Friday, June 29, 2012

perfect price discrimination and social networking

Safeway is moving towards perfect price discrimination (well, we already knew that... we already get personalized coupons when we check out) through a personalized rewards program.

A "problem" with social networking being the foundation of everything on the web is that retailers have so much information about customers that perfect price discrimination is much more feasible.* That's not to say that price discrimination is inherently a bad thing, on net for society or for individuals, but it can be for individuals in individual instances: I like getting discounts for being me but I want to be able to hide who I am in the cases when retailers want to charge me more than other people. If everything I do online is associated with my identity, through facebook or google or amazon, it's a lot harder to switch to anonymity.**

This makes me wonder if amazon prime a long-term tactic to aggregate personal information for price discrimination purposes? Amazon toyed with individualized prices awhile ago but people were so offended that they stopped. But I'm sure they're tempted to keep trying, in less offensive ways. Individualized discounts can't be offensive, can they? But then, when everyone has their own price, what is the base price that the discount is relative to? They can declare it to be whatever they want, just as safeway posts "regular non-member prices" that are meaningless except to make people feel like they are getting a good deal (and to coerce everyone to be a member of course).

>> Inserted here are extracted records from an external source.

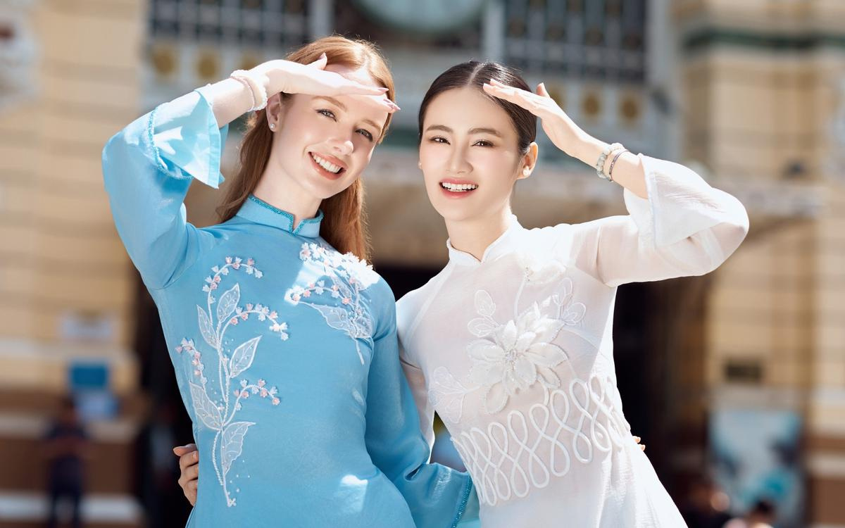 Miss World Scotland 2024 cũng vô cùng tinh tế. Cô khiến Ý Nhi bất ngờ khi xuất hiện trong chiếc áo dài cách tân ngay lần đầu gặp gỡ và mang theo nhiều quà tặng độc đáo. Diện trên người bộ trang phục truyền thống Việt Nam, hai nàng hậu khoe sắc mười phân vẹn mười.
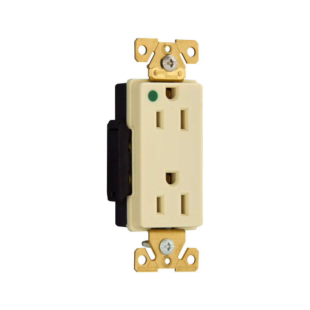 EATON Arrow Hart® 8262LTV 826 Duplex Straight Blade Receptacle, 125 V, 15 A, 2 Poles, 3 Wires, Ivory
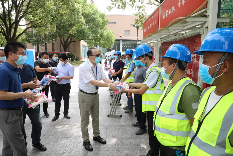 8月23日,俞涛校长、姚秀平副校长一行来到松江校区,先后走访了保卫处监控室、门岗、教学楼、食堂和学生公寓大修工程、体育馆修缮工程、图文信息中心LED屏改造现场,亲切慰问了奋战在一线的教职工、施工工人和项目管理人员,对他们冒酷暑战高温,为学校建设发展所付出的辛勤努力表示感谢。校领导叮嘱大家夏季高温作业时,要坚持常态化疫情防控,注意防暑降温,确保安全作业。
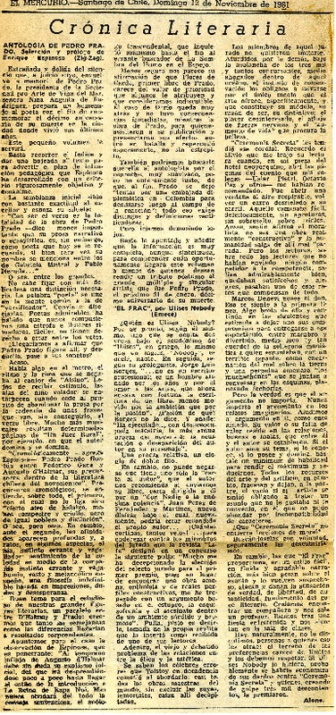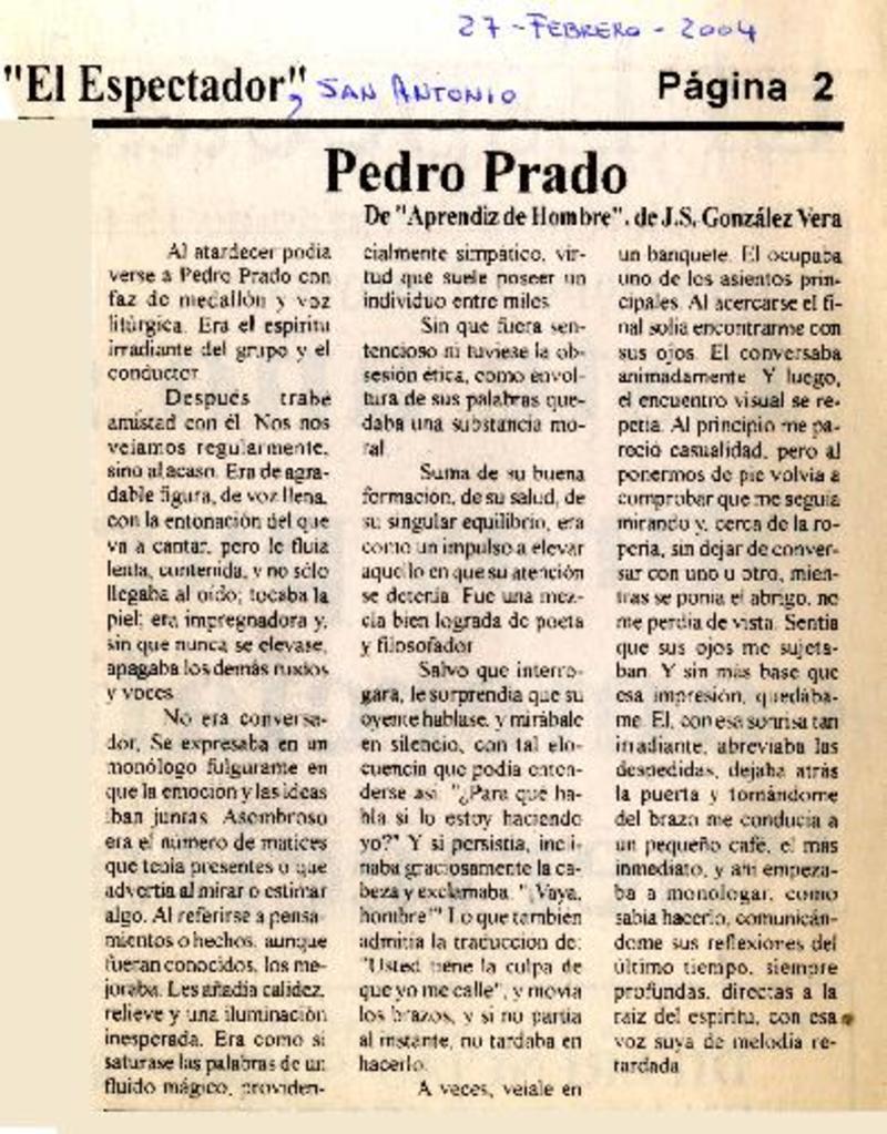 Pedro Prado en mi recuerdo [artículo] Juan Loveluck.
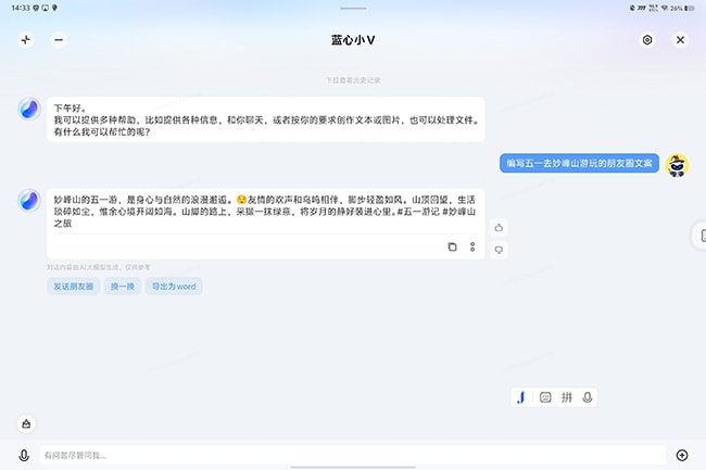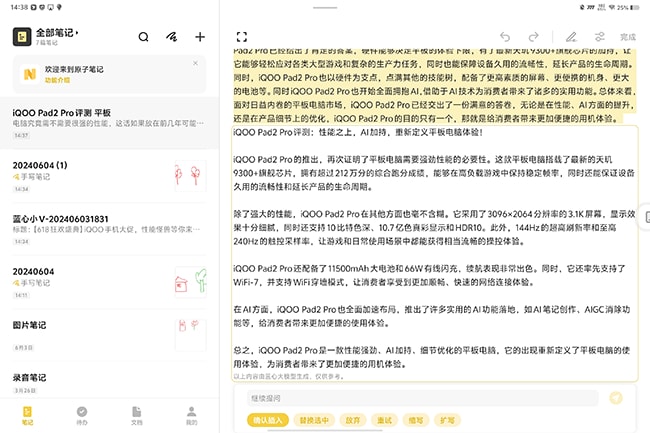 iQOO Pad2 Pro具备非常出色自然语言理解能力,而AI笔记创作可以帮你创作出非常优质的笔记,编写朋友圈文案、小红书种草文章只是基本操作,另外它可以帮你写工作周报、制作思维导图等。
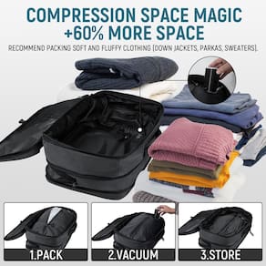Dinictis Mochila Airback com bomba, expansível até 60 L com compressão a vácuo, mochila Vacpack para viagens, Cinza escuro, Mochilas de viagem - Compressão a vácuo: Design de válvula de saída unidirecional, não é fácil de expandir após a compressão. Você pode pressionar manualmente ou combinar com a bomba para comprimir rapidamente o volume do compartimento e melhorar a utilização do espaço da bagagem. Extremamente adequada para embalar roupas fofas (jaquetas, parkas, casacos, suéteres). Para garantir o efeito de compressão, o zíper hermético é utilizado, o que é mais difícil de abrir e requer força. - Mochila de mão expansível: a mochila airback oferece espaço extra quando necessário e, quando totalmente expandida, tem a capacidade de uma mala de 61 cm. Oferece muito espaço para todos os seus itens essenciais e atende aos regulamentos das companhias aéreas para itens pessoais, além de sua praticidade - Mestre organizador: a mochila de viagem é cuidadosamente colocada com compartimentos e bolsos para organizar efetivamente seus pertences. O compartimento principal tem um bolso molhado para itens úmidos separados, um compartimento separado para um laptop de até 17 polegadas e um bolso traseiro de privacidade para manter seus pertences identificados durante a viagem. O compartimento principal espaçoso comporta facilmente de 10 a 20 roupas, o que o torna perfeito para viagens curtas e longas. - Confortável e ergonômica: a mochila a vácuo é acolchoada com esponja de colmeia nas costas, ergonômica, respirável e dissipação de calor; combinada com alças elásticas largas e flexíveis para deixar toda a parte de trás dos ombros uniformemente estressada, muito tempo para se manter confortável. Alças de carrinho para prender a mochila ao estojo. - Garantia de qualidade: a mochila é feita de tecido resistente à abrasão e resistente à água, que apresenta excelente durabilidade e praticidade para todos os tipos de clima. É útil para aqueles que gostam de levar coisas leves, mas precisam de mais espaço de armazenamento para viagens longas, tornando-a a primeira escolha para viajantes que precisam otimizar seu espaço de bagagem.

In the case of safeway, everyone is a member in order to get the good prices. In the case of amazon, everyone has/uses their amazon prime account in order to get free fast shipping. That allows amazon to charge more for prime customers who will still prefer (or are oblivious to the other option) to pay the higher individualized price than to pay for slower shipping.

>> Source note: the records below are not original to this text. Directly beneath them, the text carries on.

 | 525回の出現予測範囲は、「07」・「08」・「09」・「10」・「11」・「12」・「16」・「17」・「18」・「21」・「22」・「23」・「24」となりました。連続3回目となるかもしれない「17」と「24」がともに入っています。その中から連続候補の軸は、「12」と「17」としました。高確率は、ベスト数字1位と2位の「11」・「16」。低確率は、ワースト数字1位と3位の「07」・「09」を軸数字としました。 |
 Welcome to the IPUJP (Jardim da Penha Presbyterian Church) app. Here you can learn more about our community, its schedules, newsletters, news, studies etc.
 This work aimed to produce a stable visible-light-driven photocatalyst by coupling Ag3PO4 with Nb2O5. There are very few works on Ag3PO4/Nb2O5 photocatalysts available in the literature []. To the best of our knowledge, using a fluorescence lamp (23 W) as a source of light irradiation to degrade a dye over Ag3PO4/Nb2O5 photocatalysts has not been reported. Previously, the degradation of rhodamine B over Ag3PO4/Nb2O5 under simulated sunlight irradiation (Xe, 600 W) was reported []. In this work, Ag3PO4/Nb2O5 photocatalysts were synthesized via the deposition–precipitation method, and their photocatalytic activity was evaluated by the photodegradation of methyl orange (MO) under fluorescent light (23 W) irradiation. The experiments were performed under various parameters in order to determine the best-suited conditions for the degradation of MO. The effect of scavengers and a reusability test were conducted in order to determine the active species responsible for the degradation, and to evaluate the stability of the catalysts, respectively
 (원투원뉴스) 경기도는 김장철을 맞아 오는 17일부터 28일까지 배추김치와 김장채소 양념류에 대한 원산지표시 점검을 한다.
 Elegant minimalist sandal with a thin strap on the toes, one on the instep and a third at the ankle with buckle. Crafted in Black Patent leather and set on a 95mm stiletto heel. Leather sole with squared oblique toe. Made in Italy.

Is this already happening perhaps? It tells you something that I don't even know, because I only shop on amazon within my account... If so, how are they framing it so as not to be objectionable?

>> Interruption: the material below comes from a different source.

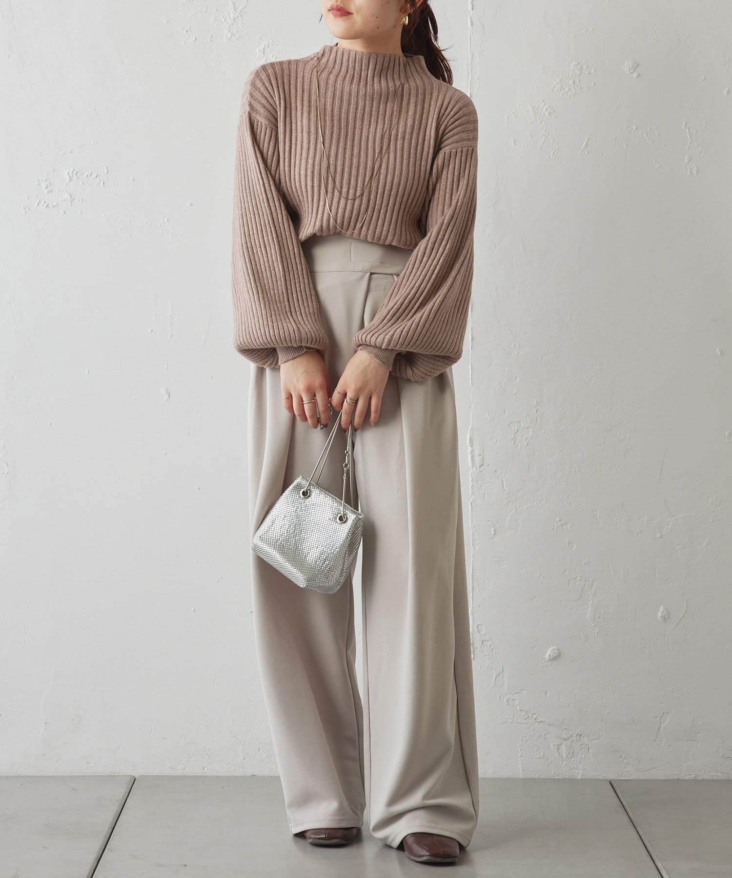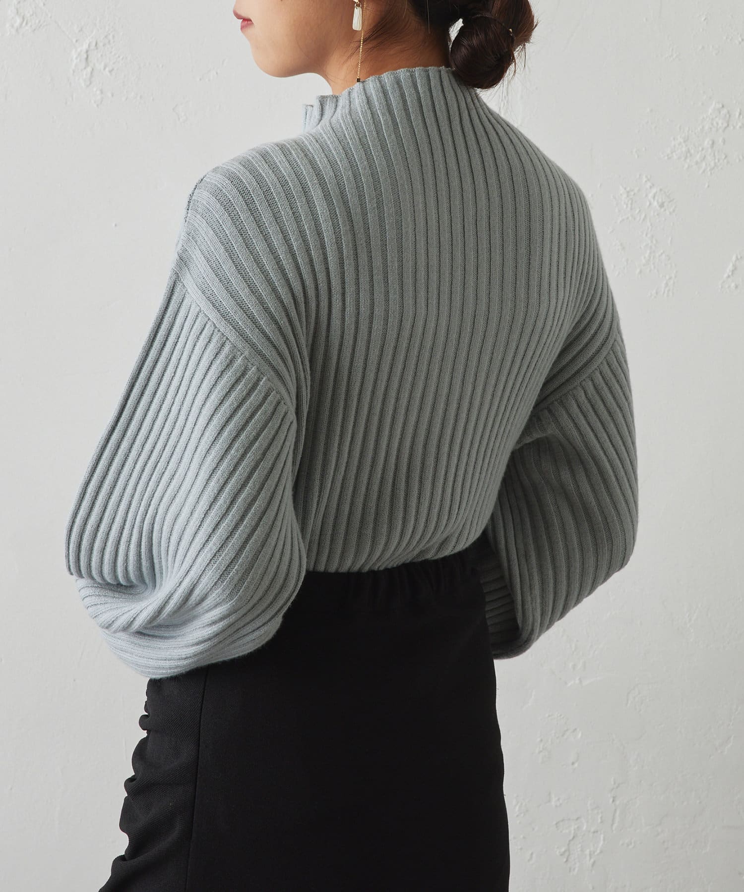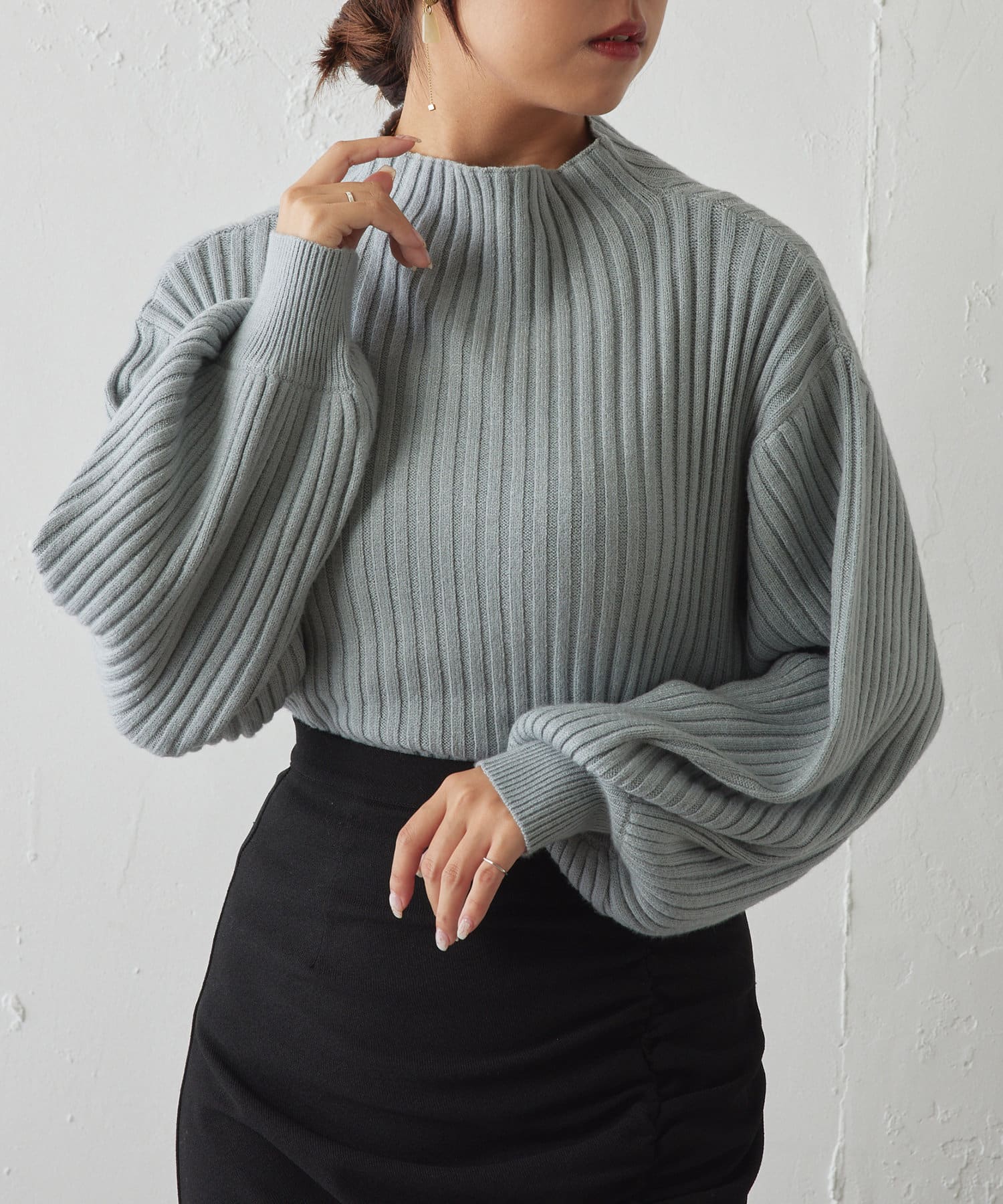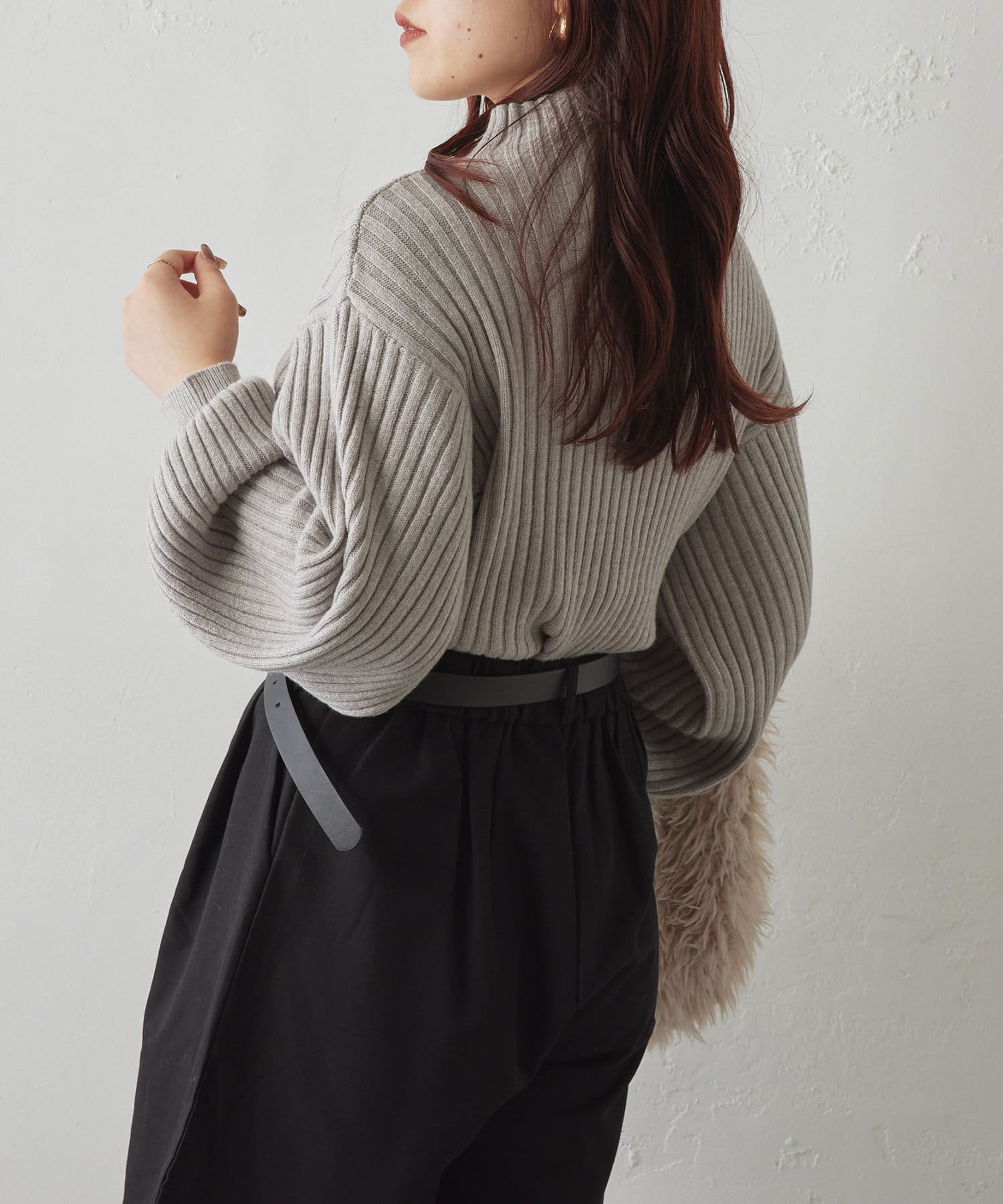 ・ボリュームスリーブとハイネックが程よいルーズさを演出。着るだけで旬顔に。

*I'm trying really hard here to avoid balking at social networking-based price discrimination purely for being creepy and unfair, because what is 'unfair' depends on framing effects (see above on individualized discounts.) and 'creepiness' is an evolving, subjective thing. So, work with me; compartmentalize these things for the duration of this blog post :)

**There seems to be a trend in people using multiple web browsers for this purpose; one stays logged into things and the other doesn't. Also, non-tracking search sites like duckduckgo.